The first step in treating MpBC is often surgery. The surgical options depend on the size and spread of your cancer. Surgery can include everything from a breast conserving lumpectomy to a modified radical mastectomy. Additionally, during the operation to remove your visible tumor the surgeon often will do a Sentinel Lymph Node Biopsy (SLNB) or Axillary Lymph Node Dissection (ALND). Metaplastic patients will be offered surgical options based on the standard protocols for all breast cancers. Newly diagnosed patients should carefully consider their options and fully discuss the pros and cons of each choice.
Breast conserving surgery has become very popular over the years. A lumpectomy allows for the patient to keep their breast but remove the tumor. Recent studies indicate that a lumpectomy is just as effective for many women as a mastectomy. In this procedure the tumor is removed along with some of the surrounding healthy tissue. This healthy tissue is referred to as the “margin.” The pathologist will test the tissue in the margin to be sure that no cancer cells can be found in this tissue. This assures the surgeon that the entire tumor has been removed. If cancer cells are found close to the edge of the “margin.” Your surgeon may decide to perform a second surgery to ‘clean up the margins’ or take additional tissue in the surrounding area. This will ensure that the entire tumor has been removed. (Think of a hard boiled egg. The yellow is the tumor and the white is the margin. The pathologist would test the whites of the egg to be sure that there is no cancer in this area. This allows for the patient and doctor alike to feel some assurance that no cancer cells remain.)
Mastectomy was once the treatment of choice for all breast cancers but with the advent of new technologies and techniques it is no longer the only option for women with breast cancer. A mastectomy is the removal of all of the breast tissue including the breast tissue in the axilla, under your arm. Women who chose mastectomy are offered a range of options from nipple sparing to skin sparing to modified radical mastectomy.
The options you will be given will depend on your tumor and it’s spread, size and location in your breast. You may not be a good candidate for nipple sparing mastectomy, for example, if the tumor is close to the nipple or if there is skin involvement with the tumor. Radical mastectomies, once very common, are rarely done these days. The radical mastectomy would include the removal of some muscle on the chest wall but new techniques no longer require that extreme procedure.
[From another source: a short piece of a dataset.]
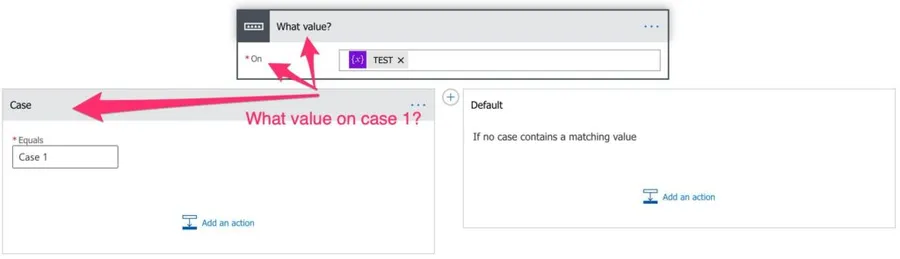 If you have a lot of values, please break them down into multiple actions. I’ve seen people using the default as the “bucket” where all the other values are sent so that you can provide another “Switch Action” to parse them. This makes for a very hard-to-debug Flow and should be avoided at all costs.

These days women are also offered a variety of choices for reconstruction. The reconstructive surgery can be done immediately following the mastectomy or at a later date. The specifics of your condition may dictate if and when you can have reconstruction and what type for which you may be a good candidate.
Your choices for reconstruction include Tram Flapp, Diep Flapp, and implant reconstruction with tissue expanders. There are many more types to chose from with specific pros and cons. It is always a good idea to find other women who have undergone these procedures to learn more about what each entails. The specifics of your condition will dictate your choices and you should always consult your surgeon and a plastic surgeon about what would be best for you. A recent study on reconstruction.
The Lymph system is like your blood vessel system only it removes toxins and foreign particles from your body. Because of this role it plays in removing debris from your body the lymph system is often the first place cancer cells will travel if they escape the confines of your breast. For this reason during your surgery you surgeon will check the lymph nodes to see if your disease has progressed.
A sentinel lymph node biopsy is the primary method used to check fro disease progression during surgery. In this procedure the surgeon will inject a blue die into the system and visually follow the flow of the die to your sentinel node. The sentinel node should represent the first lymph node in the system. Then the surgeon will remove that node along with two or three additional nodes. These will be checked for disease during the procedure. If the nodes are free of disease, no other nodes will be removed. If the nodes are positive for more cancer more lymph nodes will be removed.
An Axillary Lymph Node Di-section is the complete removal of all of the lymph nodes in the axilla (underarm). The lymph nodes in the under arm are the first place a cancer cell will travel to if it has moved from the breast tissue into other areas of the body. An ALND will be preformed if the sentinel node or any of the other nodes removed during an SLNB come back positive. This is considered a “regional spread” of your disease.
It is important for MpBC patients to remember that the lymphatic system is not the only way cancer spreads. Cancer can also spread through the blood vessels. Studies have shown that MpBC has a lower incidence of lymph node involvement but a higher incidence of recurrence and spread. This contradiction is due to the spread of the disease through the blood stream in some cases. And while it is good news to know that cancer has not spread into your lymphatic system, it is important to understand this is not a guarantee that the disease has not or will not spread in other ways.